TAG’s Response to the U.S. Action Plan for Combating Multidrug Resistant Tuberculosis
January 7, 2016
Contact: Kenyon Farrow, U.S. & Global Health Policy Director, 202.550.7640, Kenyon.firstname.lastname@example.org
Treatment Action Group (TAG) welcomes the release of the Obama Administration’s National Action Plan for Combating Multidrug-Resistant Tuberculosis. Strengthening the domestic and global and research efforts to address multidrug-resistant tuberculosis (MDR-TB) are critical to ending the suffering this preventable, curable disease needlessly causes. However, the targets set forth in this plan are not ambitious enough to effectively stop the spread of MDR-TB. The Administration and Congress must appropriate funding levels to ensure that the U.S. can effectively address MDR-TB.
MDR-TB remains a massive threat, striking half a million new patients a year worldwide. The new World Health Organization’s (WHO’s) End TB Strategy by 2035 will only be possible with a scale-up of efforts to address MDR-TB. Only one-quarter of MDR-TB patients received treatment in 2014, and at best, only half of them successfully completed treatment. Just one in ten people with MDR-TB are cured each year.
Successful treatment is a challenge. Patients have to commit to two years of treatment with injections and dozens of pills a day. They face very harsh side effects, from deafness to psychosis. Treatment often requires patients to travel to be observed taking their medications. Current treatment approaches for MDR-TB are extremely costly to patients and to TB programs. An outbreak of MDR-TB in New York City in the late 1980s cost over a billion dollars (in 1991 dollars) to resolve. Diagnosing MDR-TB is currently an expensive and lengthy process. No widely effective vaccine or treatment to prevent MDR-TB exists. TAG believes that this action plan must address the research and development (R&D) funding and innovation gaps for new treatments, prevention options, and diagnostics.
“Until there are newer TB drugs that are more affordable and easier to take, MDR-TB will continue to persist.“ says Kenyon Farrow, U.S. & Global Health Policy Director of Treatment Action Group. “This action plan has to include new funding for R&D to tackle MDR-TB. We need the kind of global investment and innovation that we saw with HIV, where we’ve gone from dozens of pills a day down to just a single pill a day.”
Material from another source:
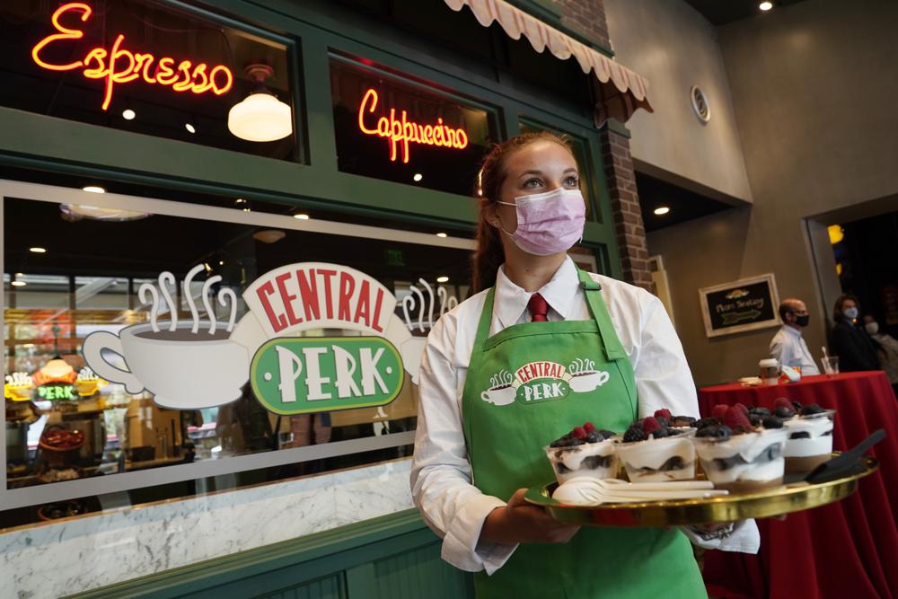 Central Perk ofrece un menú inspirado en delicatessen de Nueva York que incluye una mezcla especial de café Central Perk, trozos de pizza, carne en conserva derretida y sándwiches fríos.

Modest gains made in TB research funding from 2005 to 2009 have stagnated in the five years since, and total funding for TB R&D has never exceeded $700 million per year. With this minimal investment, we have managed to develop two new drugs to combat MDR-TB, and produce a few improved diagnostic tests. But much more investment is needed to ensure the uptake of these new options, and to develop even better ones. With limited industry investment in TB research, continued and increased public funding is critical—over 62% of TB research funding came from public institutions last year. While the U.S. government continues to make the largest investments in TB research, it is important that R&D funding for newer treatments with shorter, more tolerable regimens, a better vaccine to prevent TB, and faster, cheaper tests to detect MDR-TB, becomes a top priority. The U.S. government should increase its current R&D spending levels from $247 million to $300 million for FY17, and reach $500 million by 2020.
Until better options are developed, we need to make better use of the tools we have. Within the U.S., we must end the persistent and pervasive drug shortages that have endangered patient lives and public health by creating a national stockpile of medicines. Globally, this plan calls for assisting all high MDR-TB burden countries with implementing national action plans, and that has to include country registration and uptake of bedaquiline and delamanid, two new drugs to treat MDR-TB that are still unavailable to most of the estimated 450,000 patients around the world each year who could benefit from them.
TAG is happy to see the Obama Administration take a step forward by creating this National Action Plan for Combating MDR-TB, which increases the sense of urgency for TB, harmonizes the domestic and global responses, and elevates the importance of addressing MDR-TB in line with other initiatives dealing with the threat of drug resistant strains of several other diseases.
Unfortunately, this plan is hindered by unambitious targets, and a lack of an accompanying budget. In order to successfully reduce the spread of MDR-TB globally, we will have to surpass the targets outlined in the action plan, and to increase the funding necessary to really combat the threat that MDR-TB poses to people across the globe.